The aim of this paper is to present a brief overview of digital phenotyping and to outline its possible application to forecast risk for suicidal ideation (SI) or attempts (SA) over time in adolescents. Specifically, suicide risk forecasting might be an illustrative example of how digital phenotyping can be applied in research and clinical practice.
A huge amount of digital data can be used to differentiate or quantify phenotypes, namely cognitive functioning, behavioral and sleep patterns, physical mobility, speech production, social interactions, and many more (Onnela, 2021). This information can be collected with different modalities, ranging from implicit monitoring, thanks to the adoption of different types of sensors, to an explicit collection of data via patient-reported outcomes (Sequeira et al., 2019). The combination of these two sources yields an impressive quantity of valuable information to characterize social behavior and develop the individual’s digital phenotype (Barrigon et al., 2019).
Data in digital phenotyping are usually divided into active (i.e., data generated by active participation, such as filling out a survey or a self-report questionnaire) and passive (i.e., data that are collected without actively involving the participant) data (Onnela, 2021). A more recent definition of digital phenotyping data (Birk and Samuel, 2022) suggests a further distinction of digital data: sensor data generated by sensors built into smartphones (e.g., Bluetooth and GPS to capture temperature, speed, distance, location), activity data generated by the individual’s activity on their digital devices (e.g., messages, screen activity logs, calls) including also self-report and questionnaires (e.g., Ecological momentary assessment and diary studies), and social media data generated by posts on social media (e.g., language used and timing of posts on Facebook, Twitter, Instagram etc.).

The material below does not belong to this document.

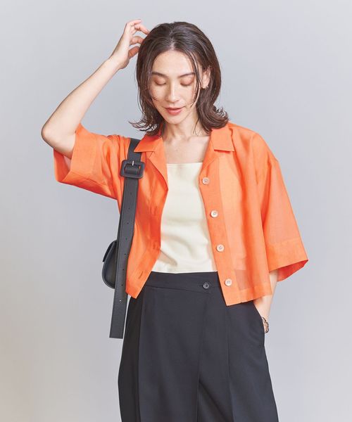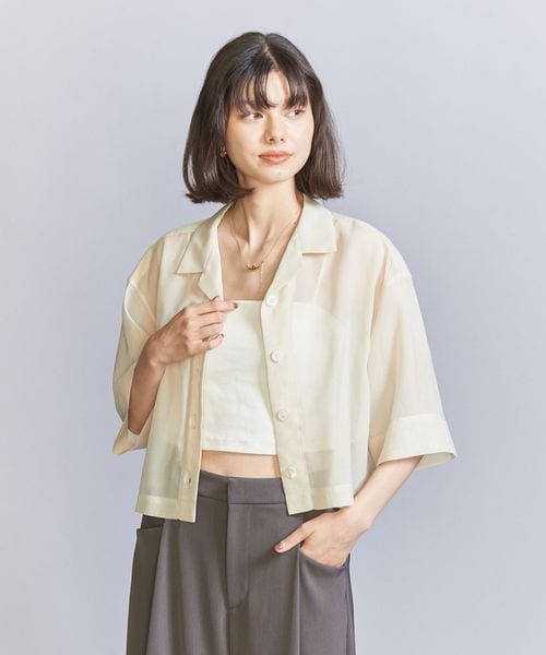 透け感&ショート丈でトレンドスタイルを楽しめるシアーシャツ。

The first implementation of digital phenotyping was limited to the use of mobile devices for administrating web-based surveys, writing up electronic diaries, or collecting physiological data that required the direct involvement of individuals (Radhakrishnan et al., 2020). Later on, thanks to the improvements in digital technology, smartphones and wearables have allowed for collecting much larger amounts of data, at relative convenience to the patient. Among the other potential applications, digital phenotyping has already been applied to the evaluation of personality (Marengo and Montag, 2020), psycho-diagnostics of internet use disorders (Montag and Rumpf, 2021), assessment of unhealthy lifestyles (Skinner et al., 2017) and mental health (Brietzke et al., 2019). Put in other words, digital phenotyping allows one to acquire a more detailed pattern of one’s distinctive features by collecting information coming from different data sources. By considering the broad classification of data sources for personality psychology assessment (Cattell, 1958; Block, 1993; Cervone and Pervin, 2018), digital phenotyping can target: (a) L-data, namely information that can be obtained from a person’s life history or life record; (b) O-data, namely observation and information provided by external observers; (c) namely information acquired through experimental procedures aimed at measuring one’s performance on specific tasks; and (d) S-data, namely information that, like self-report measures, are directly reported by the target individual.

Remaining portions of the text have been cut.